Collection entries:
+===+

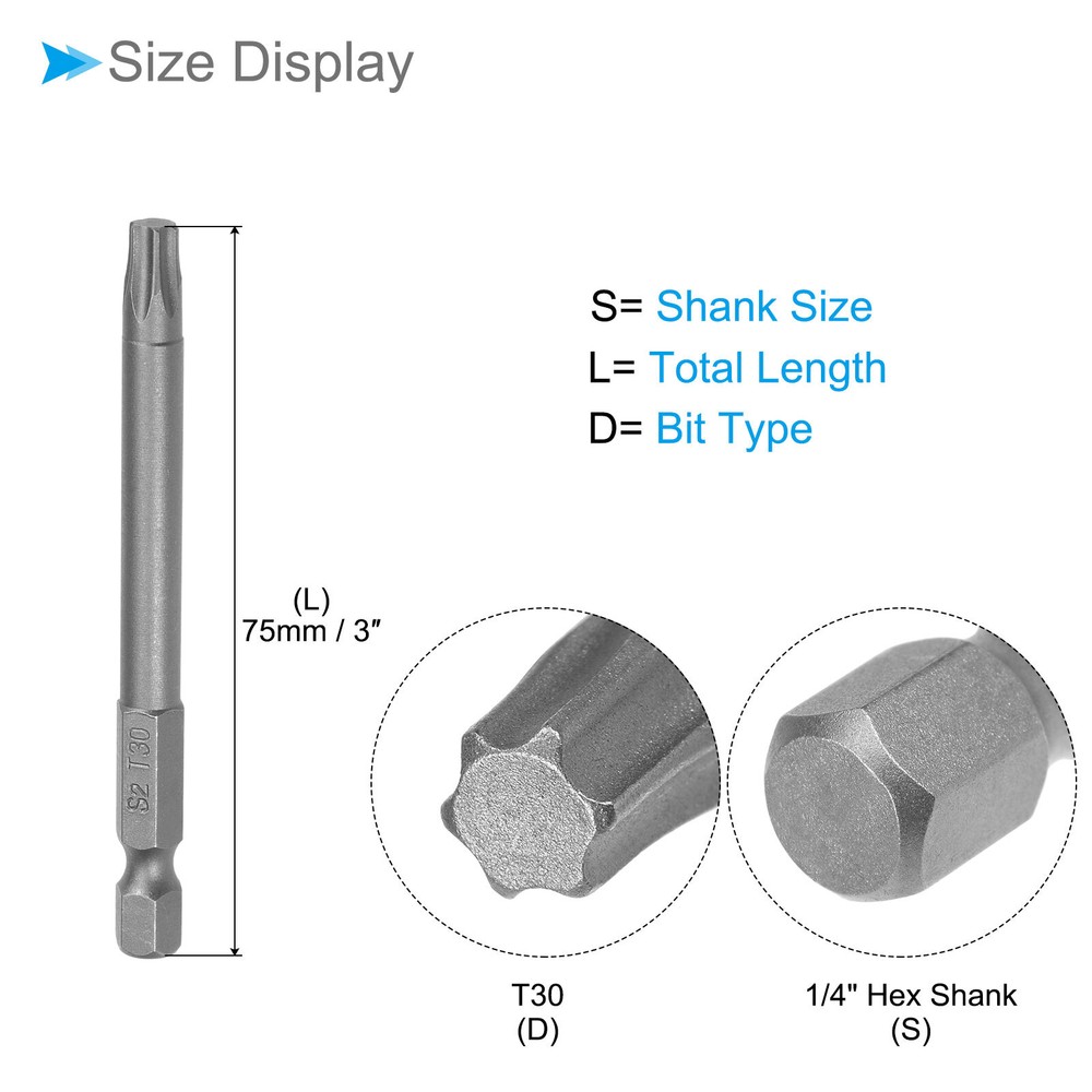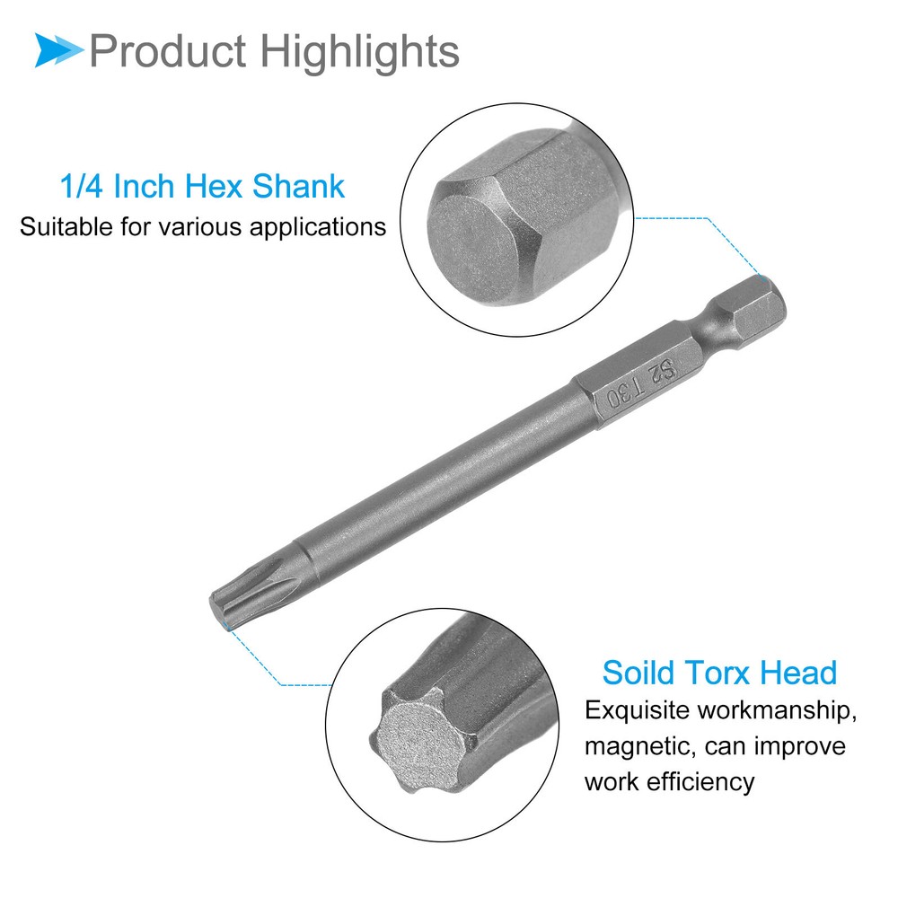 $ 6.395pcs T30 Torx Screwdriver Bits 4" Long 1/4" Hex Magnetic Drill Bit
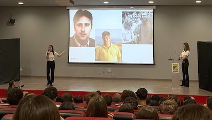 “Su violencia duró 52 años, la Guerra Civil, tres. Para que veáis el paradigma y la necesidad de estudiar esto en las aulas”, ha expresado Botella antes de poner a los alumnos un vídeo de sus allegados narrando lo vivido. “Lo que es tristísimo es que ahora, con el paso de los años, la gente, en aras de no sé qué pacificación, de no sé qué concordia, de no sé qué, pueda olvidar los años que se pasaron en este país”, comenta una mujer, familiar suya, a través de la pantalla del salón de actos.
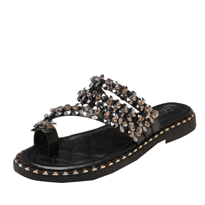 ins tide net red slippers female outside wearing 2022 Summer new fashion 100 hitch water drill clips feet flat bottom sandals shoes
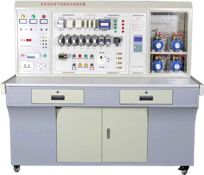 機(jī)床電氣控制實(shí)訓(xùn)室設(shè)備是機(jī)電設(shè)備維修與管理、電氣自動(dòng)化技術(shù)等專業(yè)學(xué)生的實(shí)訓(xùn)場(chǎng)所,通過實(shí)驗(yàn)、實(shí)訓(xùn),使學(xué)生掌握工廠常用的各類型設(shè)備的電路維護(hù)檢修。如鉆床控制電路、車床控制電路、銑床控制電路、磨床控制電路及鏜床控制電路等。主要產(chǎn)品有普通車床、萬能銑床、萬能外圓磨床實(shí)訓(xùn)考核裝置,可開展機(jī)床常用電器及選擇、機(jī)床繼電器控制電路的基本環(huán)節(jié)、典型機(jī)床繼電器控制系統(tǒng)的分析和設(shè)計(jì)方法、機(jī)床維修等實(shí)訓(xùn)內(nèi)容。機(jī)床電氣控制實(shí)訓(xùn)室設(shè)備面向?qū)I(yè)、機(jī)電一體化技術(shù)、機(jī)械制造與自動(dòng)化、電氣自動(dòng)化技術(shù)專業(yè) 、實(shí)訓(xùn)目的、通過實(shí)驗(yàn)實(shí)訓(xùn)使學(xué)生掌握典型機(jī)床電氣控制系統(tǒng)的安裝、調(diào)試及維護(hù)的操作技能,提高學(xué)生的動(dòng)手能力。本實(shí)訓(xùn)室還可用高級(jí)維修電工技能鑒定的培訓(xùn)和考核。 機(jī)床電氣技能實(shí)訓(xùn)考核鑒定裝置、主要實(shí)訓(xùn)項(xiàng)目及功能 、主要承擔(dān)《機(jī)床電氣控制系統(tǒng)運(yùn)行與維護(hù)》、《常用電氣設(shè)備控制檢修與維護(hù)》、《高級(jí)維修電工考證培訓(xùn)》等課程實(shí)訓(xùn)、實(shí)驗(yàn)教學(xué)以及相關(guān)的職業(yè)技能鑒定,可開展實(shí)訓(xùn)項(xiàng)目: CA6140車床電氣控制線路的安裝、調(diào)試及維護(hù)。 X62W萬能銑床電氣控制線路的安裝、調(diào)試及維護(hù)。 Z3040搖臂鉆床電氣控制線路的安裝、調(diào)試及維護(hù)。 電動(dòng)葫蘆電氣控制線路的安裝、調(diào)試及維護(hù)。 職業(yè)技能培訓(xùn)及鑒定、考證。 機(jī)床電氣技能實(shí)訓(xùn)考核裝置、C6140 普通車床電氣技能實(shí)訓(xùn)考核裝置(半實(shí)物)、M1432 萬能外圓磨床電氣技能實(shí)訓(xùn)考核裝置(半實(shí)物)、M7120 平面磨床電氣技能實(shí)訓(xùn)考核裝置(半實(shí)物)|網(wǎng)絡(luò)型平面磨床電氣技能實(shí)訓(xùn)智能考核裝置、PDH 電動(dòng)葫蘆電氣技能實(shí)訓(xùn)考核裝置(半實(shí)物)、機(jī)床電氣技能實(shí)訓(xùn)考核鑒定裝置、T68 臥室鏜床電氣技能實(shí)訓(xùn)考核裝置(半實(shí)物)、X62W 型萬能銑床電氣技能實(shí)訓(xùn)考核裝置 ( 半實(shí)物 )、Z3040 搖臂鉆床電氣技能實(shí)訓(xùn)考核裝置(半實(shí)物)、C650-2 普通車床電氣技能培訓(xùn)考核實(shí)驗(yàn)裝置|網(wǎng)絡(luò)型普通車床電氣技能實(shí)訓(xùn)智能考核裝置、M7130K型 平面磨床電氣技能培訓(xùn)考核實(shí)驗(yàn)裝置、網(wǎng)絡(luò)型平面磨床電氣技能實(shí)訓(xùn)智能考核裝置、PBA龍門刨床電氣技能培訓(xùn)考核實(shí)驗(yàn)裝置、網(wǎng)絡(luò)型龍門刨床電氣技能實(shí)訓(xùn)智能考核裝置、綜合機(jī)床電氣電路實(shí)訓(xùn)考核鑒定裝置(四個(gè)機(jī)床電路)、 綜合機(jī)床電氣電路實(shí)訓(xùn)考核鑒定裝置(四個(gè)機(jī)床電路)、T68 臥式鏜床實(shí)訓(xùn)及技能考核裝置、網(wǎng)絡(luò)型臥式鏜床電氣技能實(shí)訓(xùn)智能考核裝置、機(jī)床電氣控制技術(shù)及工藝實(shí)訓(xùn)考核裝置、機(jī)床電氣實(shí)驗(yàn)臺(tái)、網(wǎng)孔型萬能機(jī)床電路實(shí)訓(xùn)考核鑒定裝置、網(wǎng)孔型萬能機(jī)床電路實(shí)訓(xùn)考核鑒定裝置(含 PLC 、變頻器)、X62W萬能銑床實(shí)訓(xùn)及技能考核裝置、網(wǎng)絡(luò)型萬能銑床電氣實(shí)訓(xùn)智能考核裝置、Z3040B搖臂鉆床電氣技能培訓(xùn)考核實(shí)驗(yàn)裝置、網(wǎng)絡(luò)型搖臂鉆床電氣技能實(shí)訓(xùn)智能考核裝置、機(jī)床電氣電路仿真實(shí)訓(xùn)考核裝置、機(jī)床電器電路實(shí)驗(yàn)臺(tái)、網(wǎng)絡(luò)化智能型機(jī)床電氣技能實(shí)訓(xùn)考核裝置。
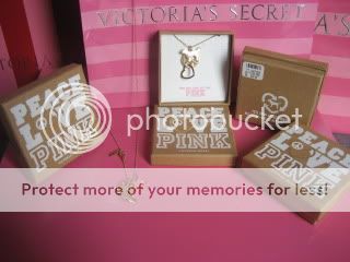 If you're looking for a true steal on Victoria's Secret PINK jewelry, here's a deal you simply can't pass up! We have the Victoria's Secret PINK charm necklaces in gold. Each necklace is new, in box and retails for $28.50. Necklaces have the PINK Dog logo, a heart and a peace sign as one charm at the end.
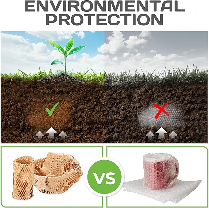 - ECO-FRIENDLY AND SUSTAINABLE β Our honeycomb packing paper is made from PEFC-certified Canadian paper that is 100% sustainable and replaces traditional plastic and bubblewrap for packing, offering an environmentally-friendly solution without compromising on protection for fragile items during shipment.
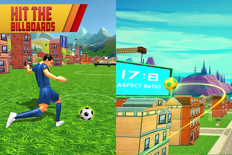 Football kick Hit World is challenging game with interesting gameplay where you will play as soccer boy and ready to get pleasure with a fusion of football game. In this game three different customization are available like Tilt, Bounce and Power. You have to choice whose customization are better for you the choice is yours. This is an amazing game with different environments like city, jungle and snow modes to play with. Different environment having different objects. In snow and jungle atmosphere you have to hit the ball in Different Boats, Different Animals, Tents, Santa, Snow Man, Igloo, Bushes and Stones to make goal. Multiply your score flick the ball through the rings by hitting the different objects like Jumping pad, Billboards, Vehicles and buildings. Reaches towards your goal and on efficient helps you to make more score. Challenging missions are ready to blast the game in sports gaming world with the help of kick shootout skills and different environments.
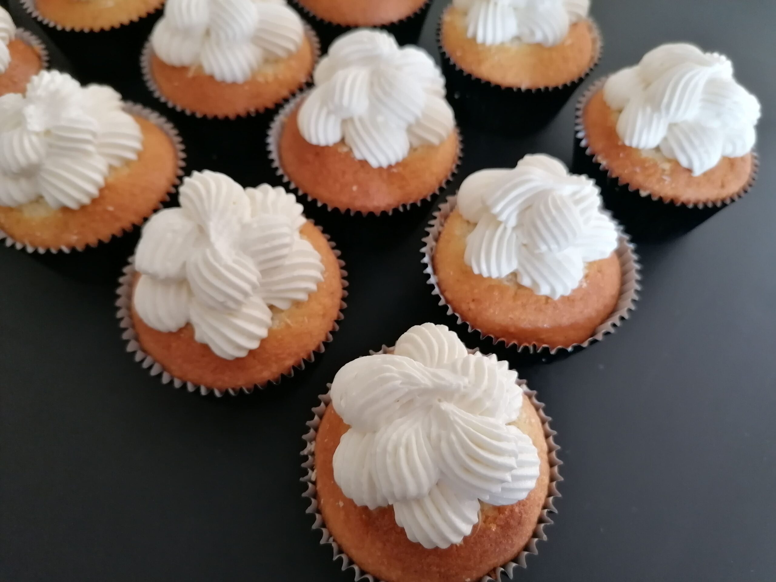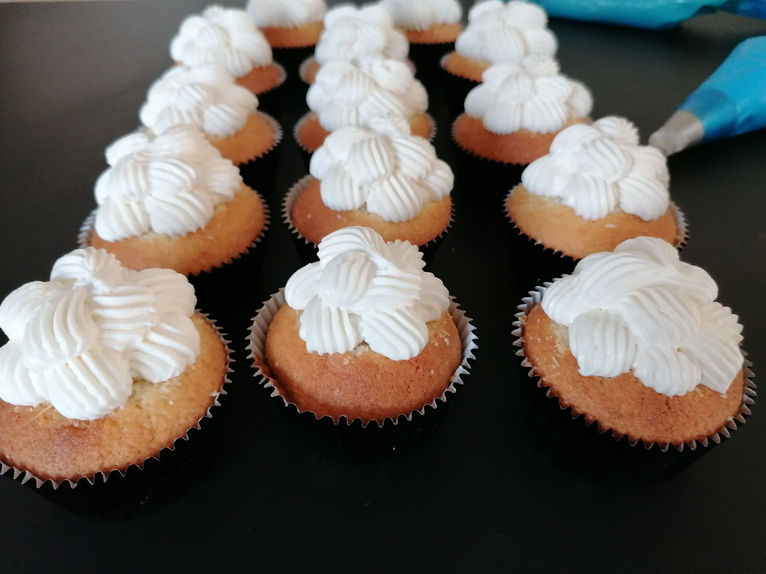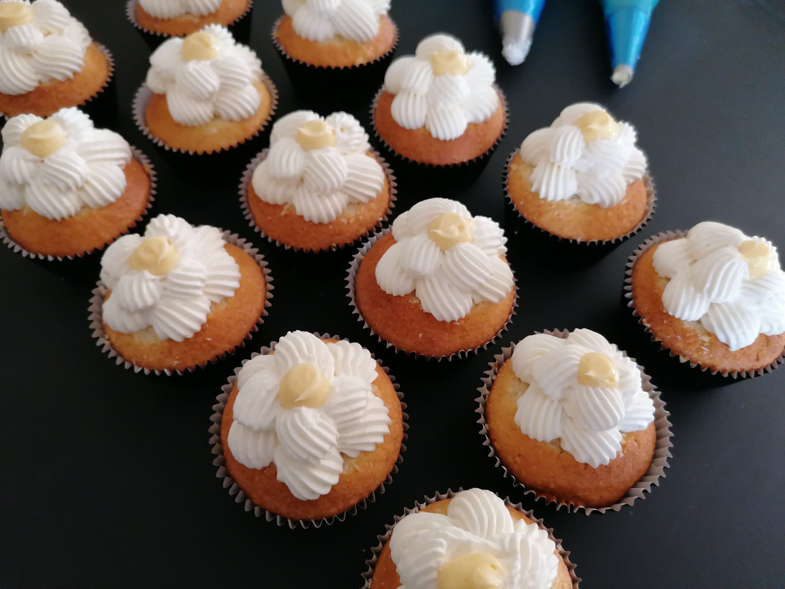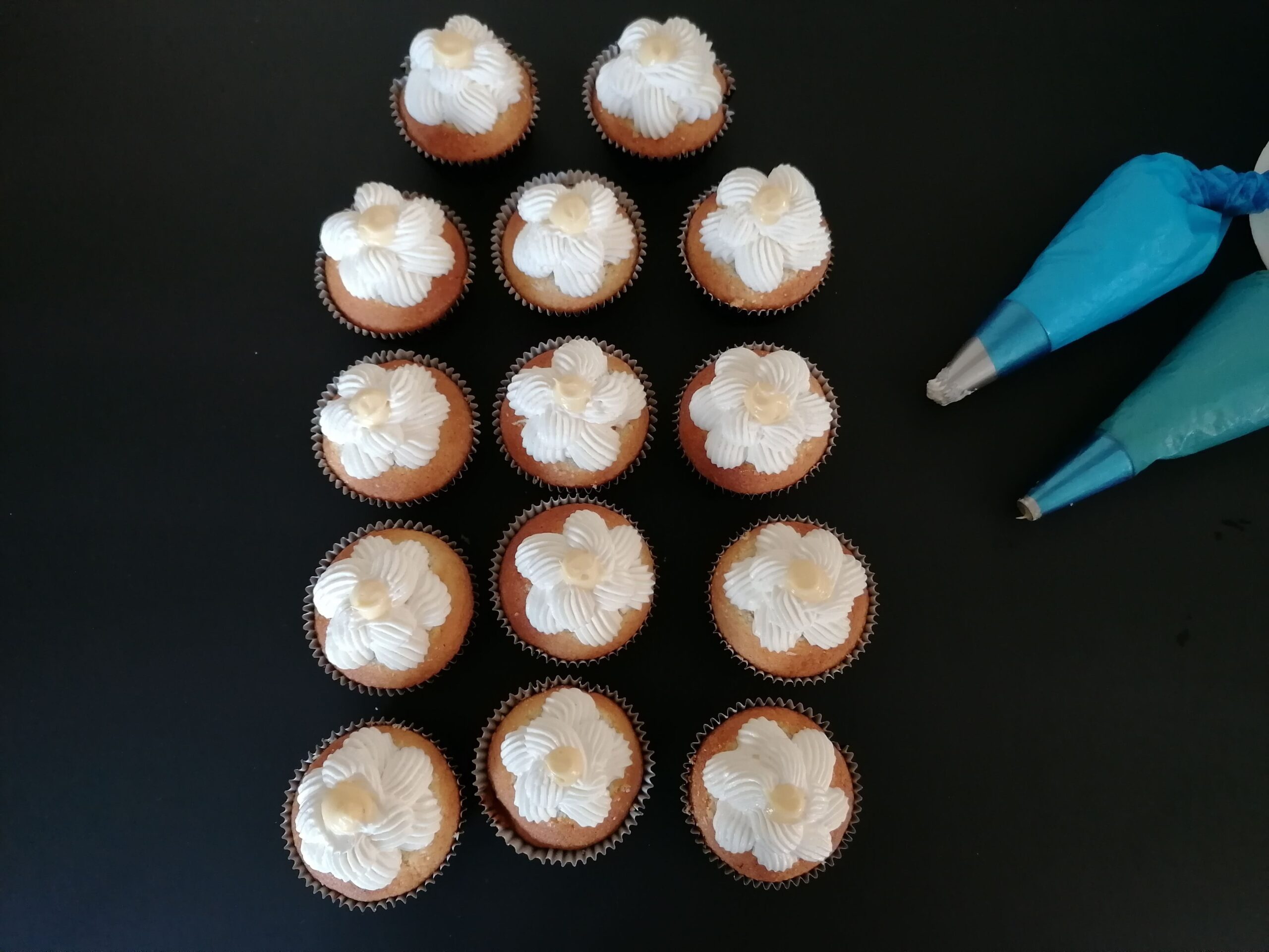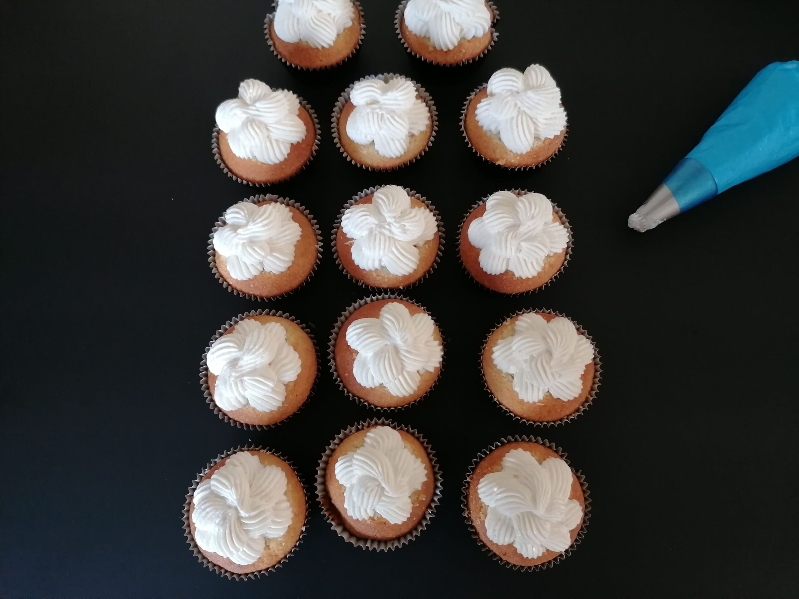 • Pocher, proprement et délicatement sur chacun des cupcakes, une bille de crème au centre du dessus de leur rosace de « gouttes » de crème.

+===+

◆ TRY IT
Give back all the data exactly, minus pictures.

◆ ANSWER BELOW
 $ 6.395pcs T30 Torx Screwdriver Bits 4" Long 1/4" Hex Magnetic Drill Bit
 “Su violencia duró 52 años, la Guerra Civil, tres. Para que veáis el paradigma y la necesidad de estudiar esto en las aulas”, ha expresado Botella antes de poner a los alumnos un vídeo de sus allegados narrando lo vivido. “Lo que es tristísimo es que ahora, con el paso de los años, la gente, en aras de no sé qué pacificación, de no sé qué concordia, de no sé qué, pueda olvidar los años que se pasaron en este país”, comenta una mujer, familiar suya, a través de la pantalla del salón de actos.
 ins tide net red slippers female outside wearing 2022 Summer new fashion 100 hitch water drill clips feet flat bottom sandals shoes
 機(jī)床電氣控制實(shí)訓(xùn)室設(shè)備是機(jī)電設(shè)備維修與管理、電氣自動(dòng)化技術(shù)等專業(yè)學(xué)生的實(shí)訓(xùn)場(chǎng)所,通過實(shí)驗(yàn)、實(shí)訓(xùn),使學(xué)生掌握工廠常用的各類型設(shè)備的電路維護(hù)檢修。如鉆床控制電路、車床控制電路、銑床控制電路、磨床控制電路及鏜床控制電路等。主要產(chǎn)品有普通車床、萬能銑床、萬能外圓磨床實(shí)訓(xùn)考核裝置,可開展機(jī)床常用電器及選擇、機(jī)床繼電器控制電路的基本環(huán)節(jié)、典型機(jī)床繼電器控制系統(tǒng)的分析和設(shè)計(jì)方法、機(jī)床維修等實(shí)訓(xùn)內(nèi)容。機(jī)床電氣控制實(shí)訓(xùn)室設(shè)備面向?qū)I(yè)、機(jī)電一體化技術(shù)、機(jī)械制造與自動(dòng)化、電氣自動(dòng)化技術(shù)專業(yè) 、實(shí)訓(xùn)目的、通過實(shí)驗(yàn)實(shí)訓(xùn)使學(xué)生掌握典型機(jī)床電氣控制系統(tǒng)的安裝、調(diào)試及維護(hù)的操作技能,提高學(xué)生的動(dòng)手能力。本實(shí)訓(xùn)室還可用高級(jí)維修電工技能鑒定的培訓(xùn)和考核。 機(jī)床電氣技能實(shí)訓(xùn)考核鑒定裝置、主要實(shí)訓(xùn)項(xiàng)目及功能 、主要承擔(dān)《機(jī)床電氣控制系統(tǒng)運(yùn)行與維護(hù)》、《常用電氣設(shè)備控制檢修與維護(hù)》、《高級(jí)維修電工考證培訓(xùn)》等課程實(shí)訓(xùn)、實(shí)驗(yàn)教學(xué)以及相關(guān)的職業(yè)技能鑒定,可開展實(shí)訓(xùn)項(xiàng)目: CA6140車床電氣控制線路的安裝、調(diào)試及維護(hù)。 X62W萬能銑床電氣控制線路的安裝、調(diào)試及維護(hù)。 Z3040搖臂鉆床電氣控制線路的安裝、調(diào)試及維護(hù)。 電動(dòng)葫蘆電氣控制線路的安裝、調(diào)試及維護(hù)。 職業(yè)技能培訓(xùn)及鑒定、考證。 機(jī)床電氣技能實(shí)訓(xùn)考核裝置、C6140 普通車床電氣技能實(shí)訓(xùn)考核裝置(半實(shí)物)、M1432 萬能外圓磨床電氣技能實(shí)訓(xùn)考核裝置(半實(shí)物)、M7120 平面磨床電氣技能實(shí)訓(xùn)考核裝置(半實(shí)物)|網(wǎng)絡(luò)型平面磨床電氣技能實(shí)訓(xùn)智能考核裝置、PDH 電動(dòng)葫蘆電氣技能實(shí)訓(xùn)考核裝置(半實(shí)物)、機(jī)床電氣技能實(shí)訓(xùn)考核鑒定裝置、T68 臥室鏜床電氣技能實(shí)訓(xùn)考核裝置(半實(shí)物)、X62W 型萬能銑床電氣技能實(shí)訓(xùn)考核裝置 ( 半實(shí)物 )、Z3040 搖臂鉆床電氣技能實(shí)訓(xùn)考核裝置(半實(shí)物)、C650-2 普通車床電氣技能培訓(xùn)考核實(shí)驗(yàn)裝置|網(wǎng)絡(luò)型普通車床電氣技能實(shí)訓(xùn)智能考核裝置、M7130K型 平面磨床電氣技能培訓(xùn)考核實(shí)驗(yàn)裝置、網(wǎng)絡(luò)型平面磨床電氣技能實(shí)訓(xùn)智能考核裝置、PBA龍門刨床電氣技能培訓(xùn)考核實(shí)驗(yàn)裝置、網(wǎng)絡(luò)型龍門刨床電氣技能實(shí)訓(xùn)智能考核裝置、綜合機(jī)床電氣電路實(shí)訓(xùn)考核鑒定裝置(四個(gè)機(jī)床電路)、 綜合機(jī)床電氣電路實(shí)訓(xùn)考核鑒定裝置(四個(gè)機(jī)床電路)、T68 臥式鏜床實(shí)訓(xùn)及技能考核裝置、網(wǎng)絡(luò)型臥式鏜床電氣技能實(shí)訓(xùn)智能考核裝置、機(jī)床電氣控制技術(shù)及工藝實(shí)訓(xùn)考核裝置、機(jī)床電氣實(shí)驗(yàn)臺(tái)、網(wǎng)孔型萬能機(jī)床電路實(shí)訓(xùn)考核鑒定裝置、網(wǎng)孔型萬能機(jī)床電路實(shí)訓(xùn)考核鑒定裝置(含 PLC 、變頻器)、X62W萬能銑床實(shí)訓(xùn)及技能考核裝置、網(wǎng)絡(luò)型萬能銑床電氣實(shí)訓(xùn)智能考核裝置、Z3040B搖臂鉆床電氣技能培訓(xùn)考核實(shí)驗(yàn)裝置、網(wǎng)絡(luò)型搖臂鉆床電氣技能實(shí)訓(xùn)智能考核裝置、機(jī)床電氣電路仿真實(shí)訓(xùn)考核裝置、機(jī)床電器電路實(shí)驗(yàn)臺(tái)、網(wǎng)絡(luò)化智能型機(jī)床電氣技能實(shí)訓(xùn)考核裝置。
 If you're looking for a true steal on Victoria's Secret PINK jewelry, here's a deal you simply can't pass up! We have the Victoria's Secret PINK charm necklaces in gold. Each necklace is new, in box and retails for $28.50. Necklaces have the PINK Dog logo, a heart and a peace sign as one charm at the end.
 - ECO-FRIENDLY AND SUSTAINABLE β Our honeycomb packing paper is made from PEFC-certified Canadian paper that is 100% sustainable and replaces traditional plastic and bubblewrap for packing, offering an environmentally-friendly solution without compromising on protection for fragile items during shipment.
 Football kick Hit World is challenging game with interesting gameplay where you will play as soccer boy and ready to get pleasure with a fusion of football game. In this game three different customization are available like Tilt, Bounce and Power. You have to choice whose customization are better for you the choice is yours. This is an amazing game with different environments like city, jungle and snow modes to play with. Different environment having different objects. In snow and jungle atmosphere you have to hit the ball in Different Boats, Different Animals, Tents, Santa, Snow Man, Igloo, Bushes and Stones to make goal. Multiply your score flick the ball through the rings by hitting the different objects like Jumping pad, Billboards, Vehicles and buildings. Reaches towards your goal and on efficient helps you to make more score. Challenging missions are ready to blast the game in sports gaming world with the help of kick shootout skills and different environments.
 • Pocher, proprement et délicatement sur chacun des cupcakes, une bille de crème au centre du dessus de leur rosace de « gouttes » de crème.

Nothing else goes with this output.